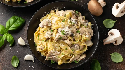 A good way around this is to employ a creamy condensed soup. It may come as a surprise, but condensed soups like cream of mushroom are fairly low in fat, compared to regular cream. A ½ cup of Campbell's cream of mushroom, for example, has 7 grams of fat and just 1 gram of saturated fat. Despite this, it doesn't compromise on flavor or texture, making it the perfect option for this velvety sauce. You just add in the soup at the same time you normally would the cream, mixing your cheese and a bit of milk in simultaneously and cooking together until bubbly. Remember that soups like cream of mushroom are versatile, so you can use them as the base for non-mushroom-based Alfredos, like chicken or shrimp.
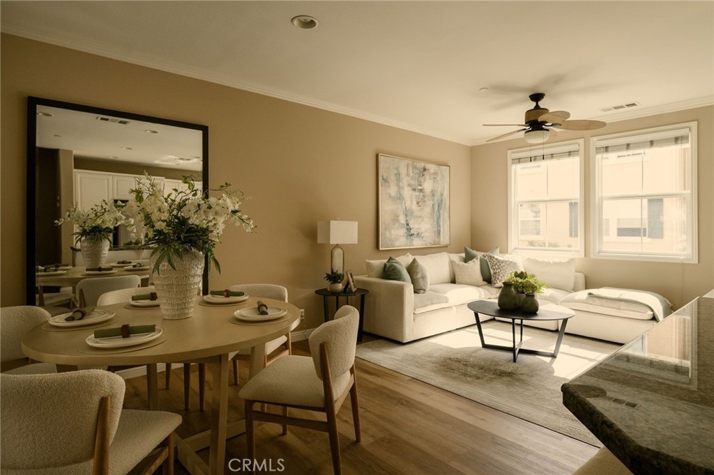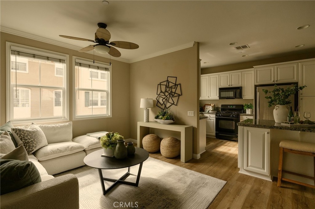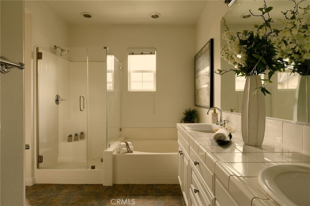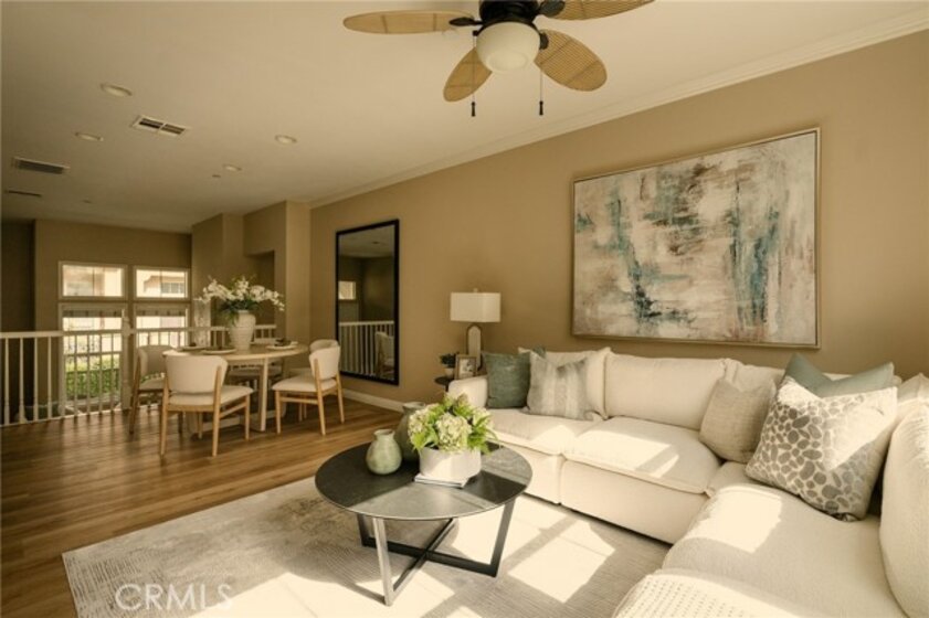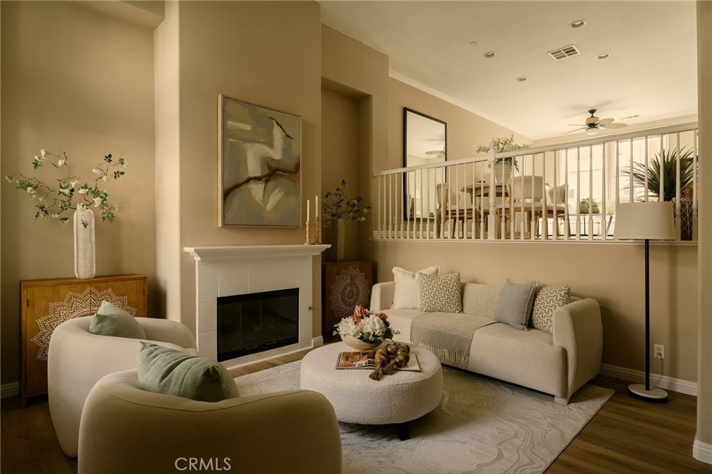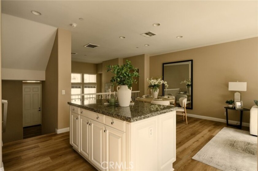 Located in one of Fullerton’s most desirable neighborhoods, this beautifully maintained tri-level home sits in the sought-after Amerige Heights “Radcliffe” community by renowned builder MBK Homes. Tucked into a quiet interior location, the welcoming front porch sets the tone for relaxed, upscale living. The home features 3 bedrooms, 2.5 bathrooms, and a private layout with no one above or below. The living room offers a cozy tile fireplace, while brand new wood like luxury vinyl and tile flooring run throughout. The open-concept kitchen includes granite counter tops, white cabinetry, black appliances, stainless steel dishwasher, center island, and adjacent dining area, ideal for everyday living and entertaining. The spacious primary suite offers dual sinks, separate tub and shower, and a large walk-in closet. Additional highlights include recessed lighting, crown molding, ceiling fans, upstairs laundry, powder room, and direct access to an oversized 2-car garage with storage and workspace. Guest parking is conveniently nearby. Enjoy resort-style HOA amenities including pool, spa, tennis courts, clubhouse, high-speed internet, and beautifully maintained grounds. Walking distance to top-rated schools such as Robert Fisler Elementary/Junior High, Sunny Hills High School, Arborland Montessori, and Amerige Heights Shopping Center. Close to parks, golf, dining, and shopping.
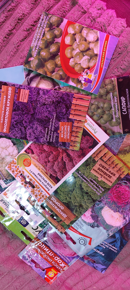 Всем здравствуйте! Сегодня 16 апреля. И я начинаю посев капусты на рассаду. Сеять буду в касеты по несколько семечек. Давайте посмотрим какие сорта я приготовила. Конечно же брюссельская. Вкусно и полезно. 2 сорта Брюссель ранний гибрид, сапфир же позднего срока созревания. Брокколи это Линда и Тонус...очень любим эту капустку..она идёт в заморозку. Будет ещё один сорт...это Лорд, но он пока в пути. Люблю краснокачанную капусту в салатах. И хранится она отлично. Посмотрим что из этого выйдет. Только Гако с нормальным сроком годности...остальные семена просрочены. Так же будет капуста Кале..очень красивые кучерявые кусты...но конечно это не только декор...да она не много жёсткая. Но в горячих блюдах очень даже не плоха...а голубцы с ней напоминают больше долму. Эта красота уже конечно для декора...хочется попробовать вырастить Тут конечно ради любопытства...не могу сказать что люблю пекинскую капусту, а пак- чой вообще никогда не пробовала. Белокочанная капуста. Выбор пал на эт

○ ○ ○ ○ ○

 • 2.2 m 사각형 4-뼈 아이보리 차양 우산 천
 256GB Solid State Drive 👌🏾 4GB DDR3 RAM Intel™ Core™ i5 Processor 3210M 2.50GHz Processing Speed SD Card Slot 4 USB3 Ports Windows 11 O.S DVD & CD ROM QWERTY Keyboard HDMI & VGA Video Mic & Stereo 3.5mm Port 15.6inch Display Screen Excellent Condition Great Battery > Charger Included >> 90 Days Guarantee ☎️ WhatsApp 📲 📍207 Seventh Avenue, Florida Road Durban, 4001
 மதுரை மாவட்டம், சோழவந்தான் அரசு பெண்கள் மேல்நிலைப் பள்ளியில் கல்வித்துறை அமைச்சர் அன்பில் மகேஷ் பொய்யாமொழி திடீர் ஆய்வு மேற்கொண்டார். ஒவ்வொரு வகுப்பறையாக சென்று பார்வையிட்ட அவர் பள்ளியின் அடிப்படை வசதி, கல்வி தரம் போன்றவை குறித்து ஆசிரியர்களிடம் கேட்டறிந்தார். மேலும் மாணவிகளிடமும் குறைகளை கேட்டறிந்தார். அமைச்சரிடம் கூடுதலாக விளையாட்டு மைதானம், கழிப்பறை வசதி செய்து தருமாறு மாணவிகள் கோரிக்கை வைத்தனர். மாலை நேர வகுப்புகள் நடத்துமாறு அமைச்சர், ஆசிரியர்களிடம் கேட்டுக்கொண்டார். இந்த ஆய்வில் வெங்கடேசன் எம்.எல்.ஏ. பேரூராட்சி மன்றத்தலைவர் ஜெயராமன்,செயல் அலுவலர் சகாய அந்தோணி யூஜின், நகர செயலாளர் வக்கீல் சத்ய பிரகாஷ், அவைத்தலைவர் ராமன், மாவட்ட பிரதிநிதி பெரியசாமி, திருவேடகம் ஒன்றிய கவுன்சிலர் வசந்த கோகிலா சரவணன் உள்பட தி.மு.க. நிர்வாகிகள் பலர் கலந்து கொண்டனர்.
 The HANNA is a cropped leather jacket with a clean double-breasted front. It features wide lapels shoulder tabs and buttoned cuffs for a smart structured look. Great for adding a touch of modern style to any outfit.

○ ○ ○ ○ ○

From the records above, extract exactly and only the lines that begin at the line with "256GB Solid State" and stop after the line with "மதுரை மாவட்டம், சோழவந்தான்".

 256GB Solid State Drive 👌🏾 4GB DDR3 RAM Intel™ Core™ i5 Processor 3210M 2.50GHz Processing Speed SD Card Slot 4 USB3 Ports Windows 11 O.S DVD & CD ROM QWERTY Keyboard HDMI & VGA Video Mic & Stereo 3.5mm Port 15.6inch Display Screen Excellent Condition Great Battery > Charger Included >> 90 Days Guarantee ☎️ WhatsApp 📲 📍207 Seventh Avenue, Florida Road Durban, 4001
 மதுரை மாவட்டம், சோழவந்தான் அரசு பெண்கள் மேல்நிலைப் பள்ளியில் கல்வித்துறை அமைச்சர் அன்பில் மகேஷ் பொய்யாமொழி திடீர் ஆய்வு மேற்கொண்டார். ஒவ்வொரு வகுப்பறையாக சென்று பார்வையிட்ட அவர் பள்ளியின் அடிப்படை வசதி, கல்வி தரம் போன்றவை குறித்து ஆசிரியர்களிடம் கேட்டறிந்தார். மேலும் மாணவிகளிடமும் குறைகளை கேட்டறிந்தார். அமைச்சரிடம் கூடுதலாக விளையாட்டு மைதானம், கழிப்பறை வசதி செய்து தருமாறு மாணவிகள் கோரிக்கை வைத்தனர். மாலை நேர வகுப்புகள் நடத்துமாறு அமைச்சர், ஆசிரியர்களிடம் கேட்டுக்கொண்டார். இந்த ஆய்வில் வெங்கடேசன் எம்.எல்.ஏ. பேரூராட்சி மன்றத்தலைவர் ஜெயராமன்,செயல் அலுவலர் சகாய அந்தோணி யூஜின், நகர செயலாளர் வக்கீல் சத்ய பிரகாஷ், அவைத்தலைவர் ராமன், மாவட்ட பிரதிநிதி பெரியசாமி, திருவேடகம் ஒன்றிய கவுன்சிலர் வசந்த கோகிலா சரவணன் உள்பட தி.மு.க. நிர்வாகிகள் பலர் கலந்து கொண்டனர்.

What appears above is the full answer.